Each line below from the "A silver-toned lapel" line through the "引出しの上部には手をかける部" line, those two included, must be restated word for word; the pictures must not be.

[The records]:
↓

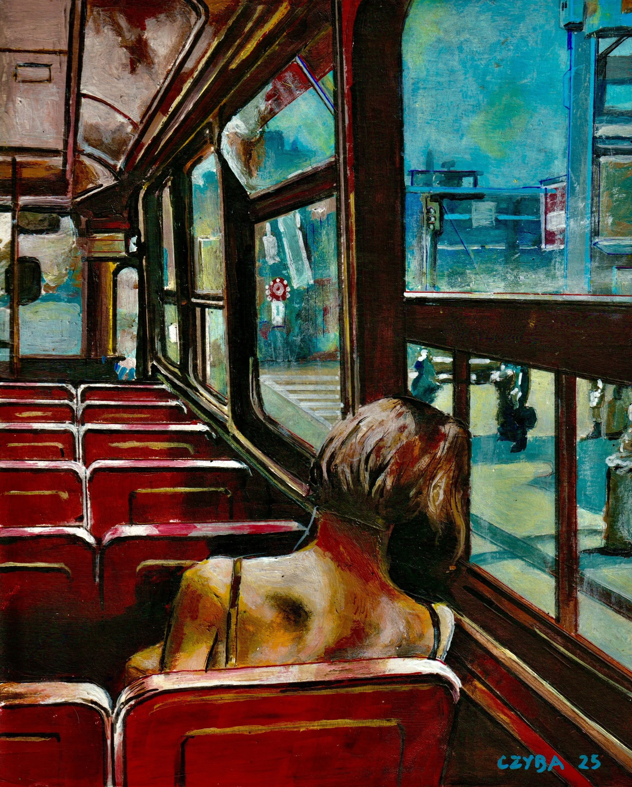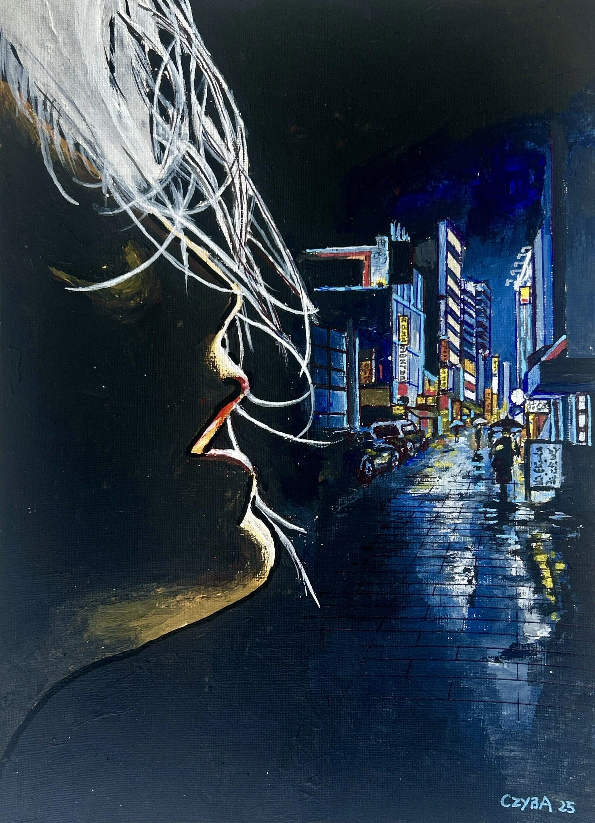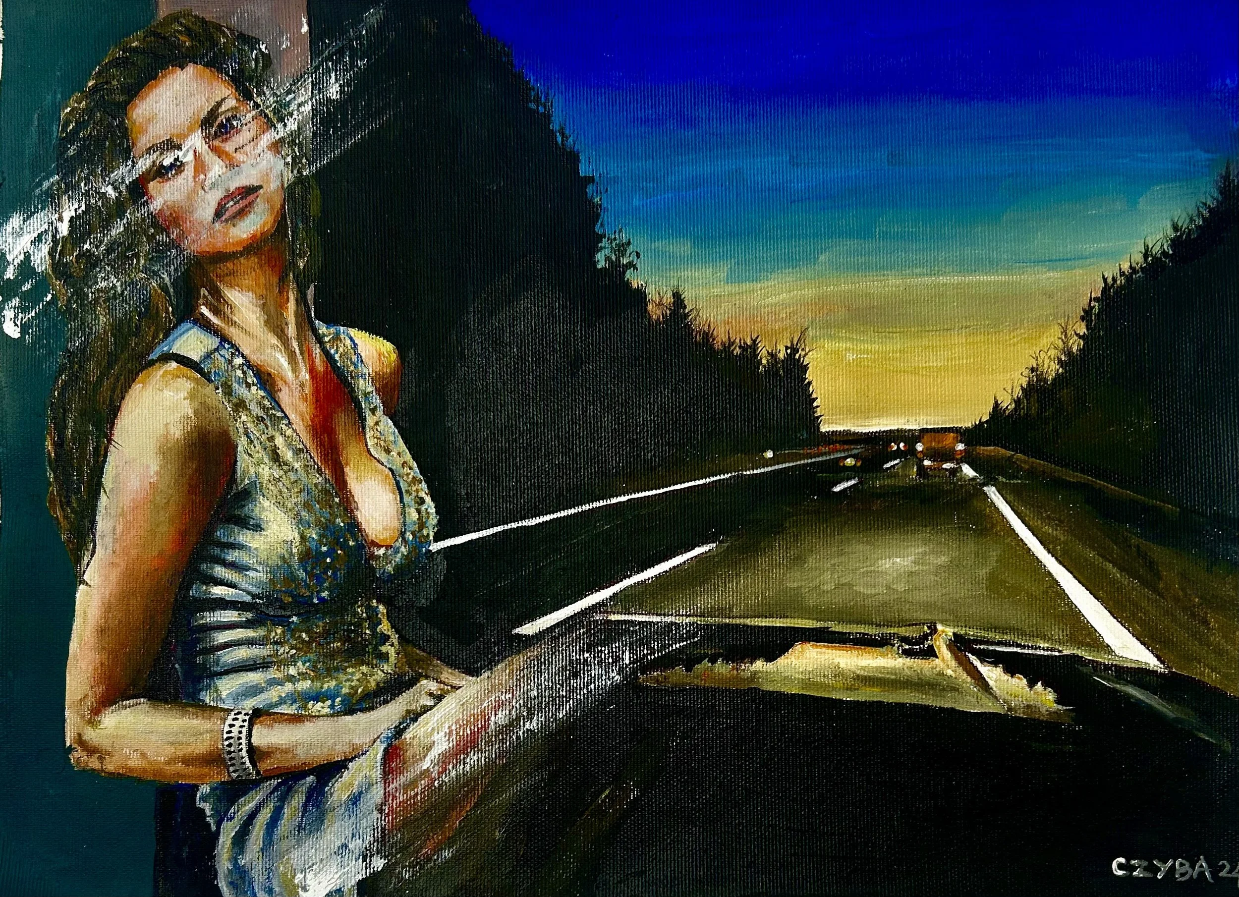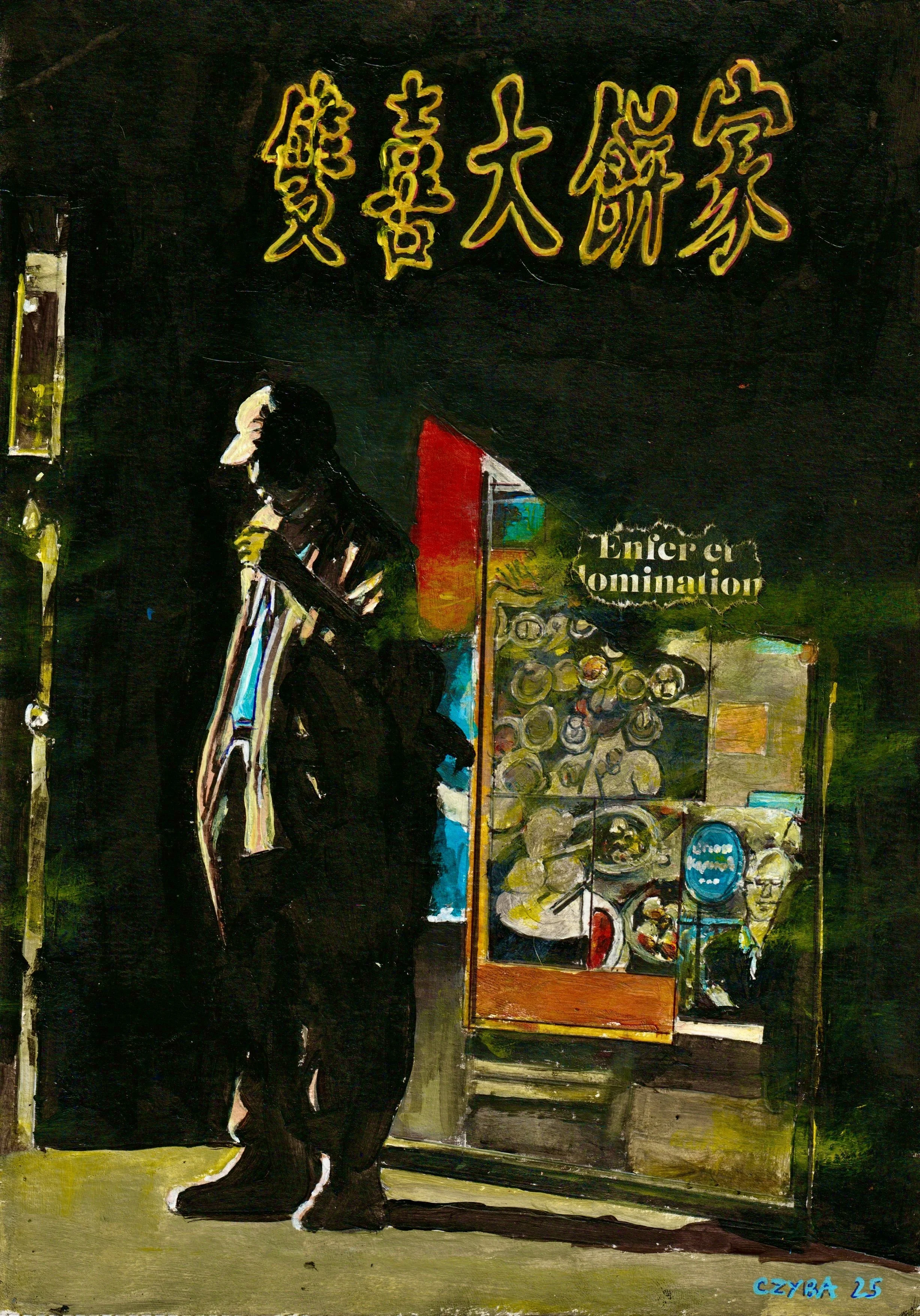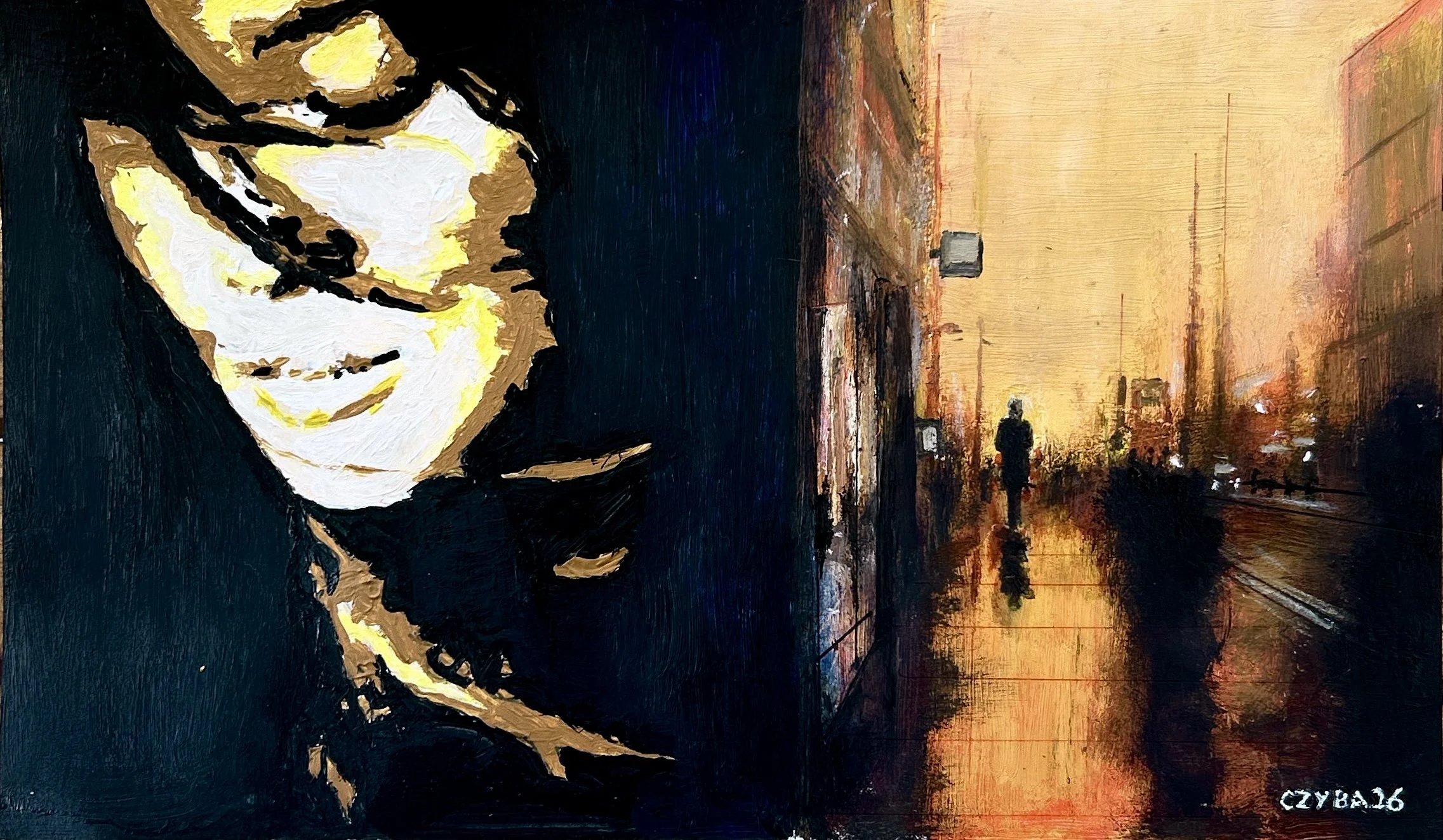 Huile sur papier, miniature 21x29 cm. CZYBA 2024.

↑
↓

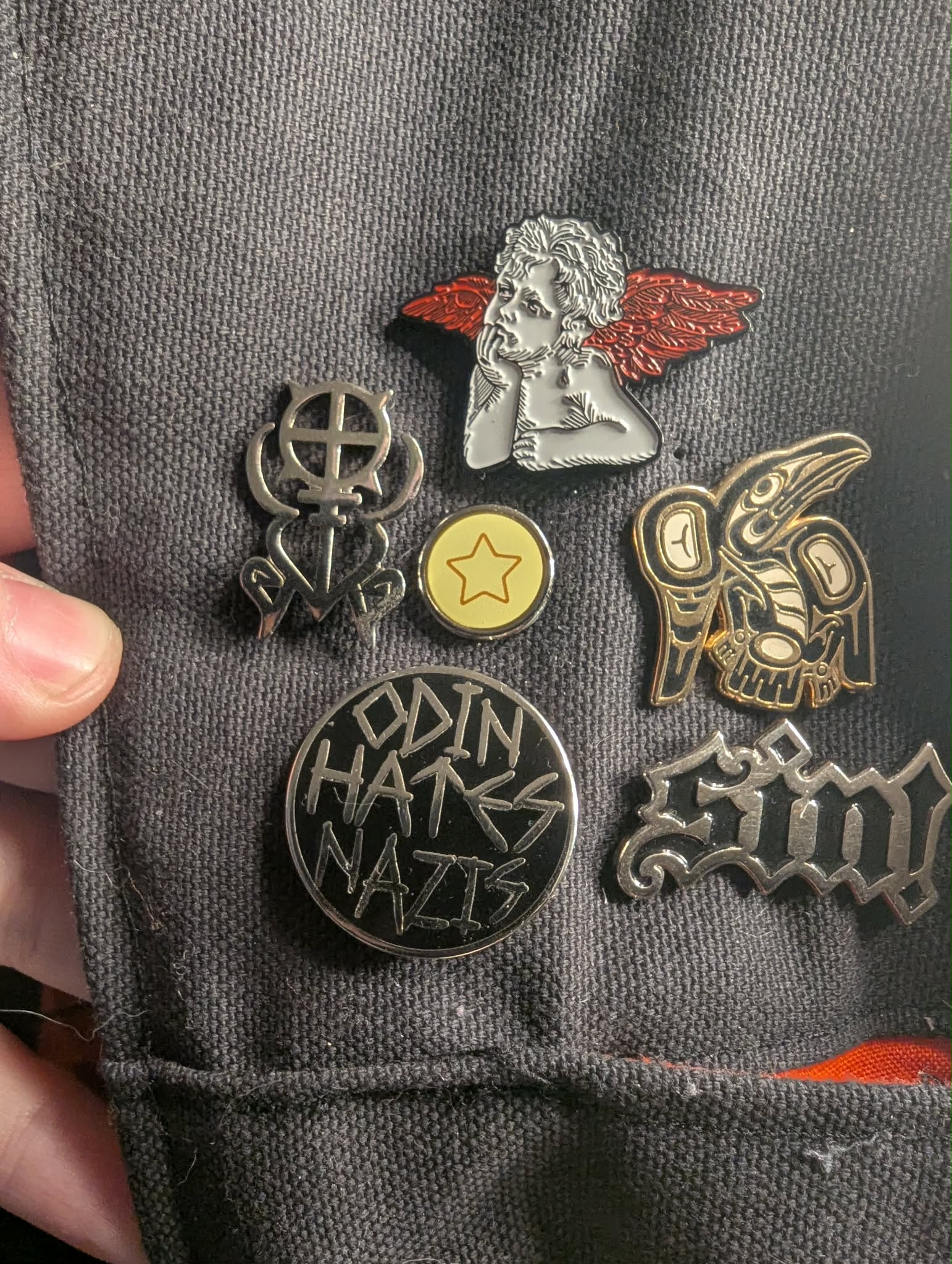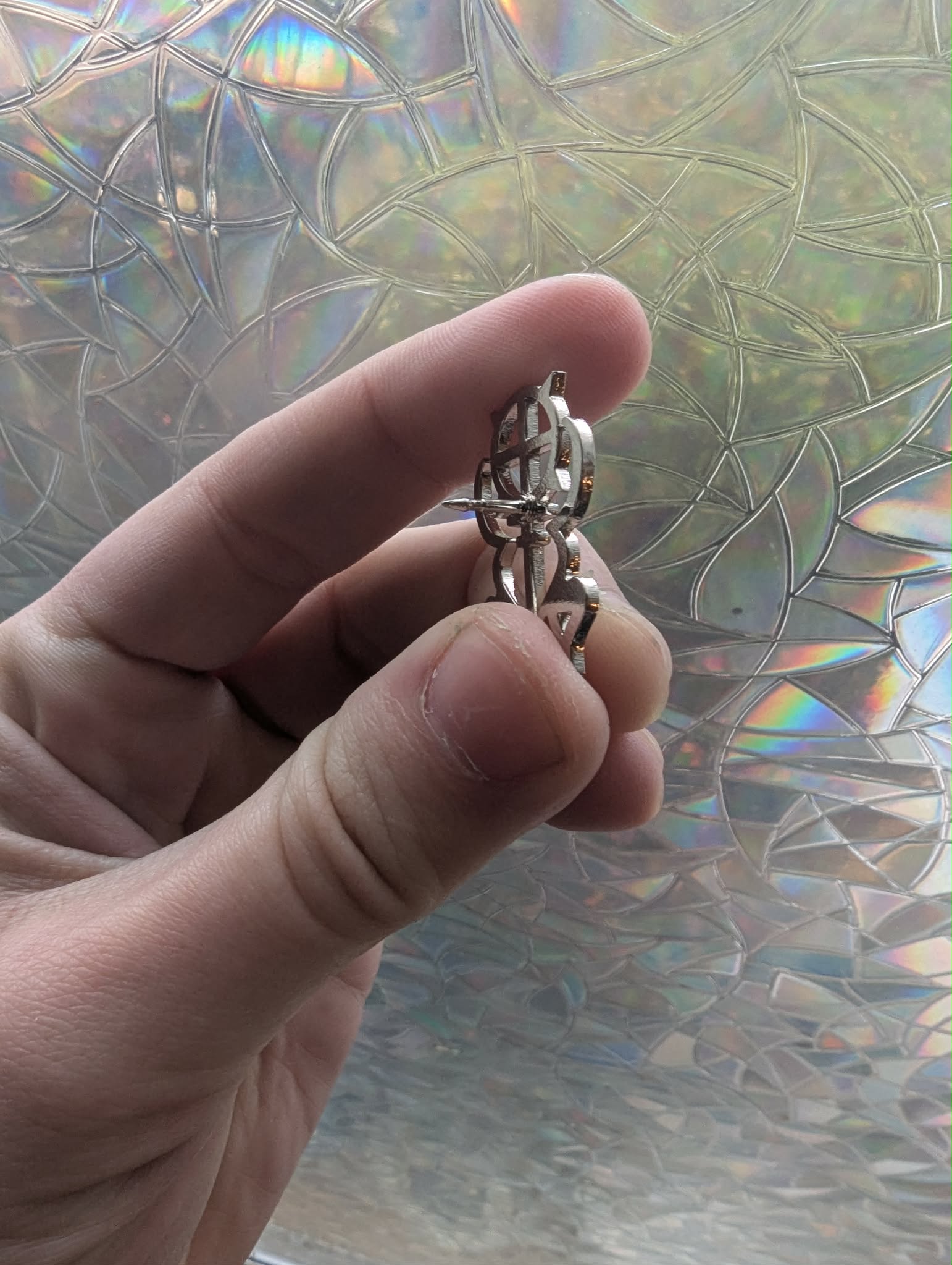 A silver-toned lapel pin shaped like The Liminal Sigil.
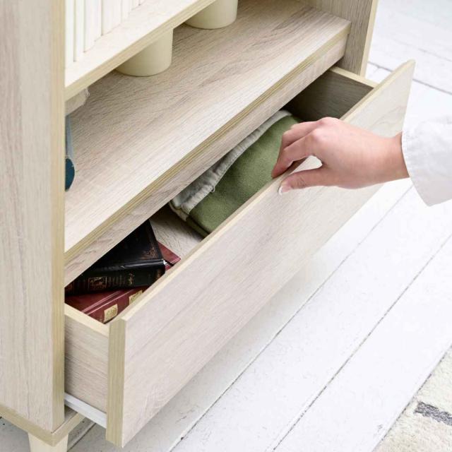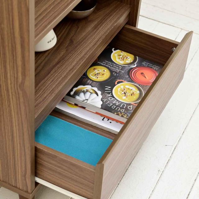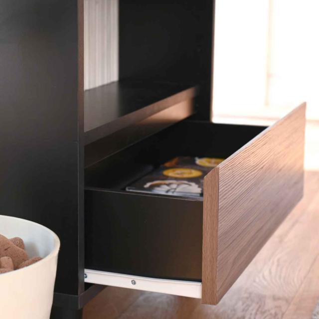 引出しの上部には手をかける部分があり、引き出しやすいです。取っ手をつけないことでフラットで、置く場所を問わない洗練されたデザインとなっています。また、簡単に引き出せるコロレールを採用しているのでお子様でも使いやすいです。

↑

[Finished exercise]:
 A silver-toned lapel pin shaped like The Liminal Sigil.
 引出しの上部には手をかける部分があり、引き出しやすいです。取っ手をつけないことでフラットで、置く場所を問わない洗練されたデザインとなっています。また、簡単に引き出せるコロレールを採用しているのでお子様でも使いやすいです。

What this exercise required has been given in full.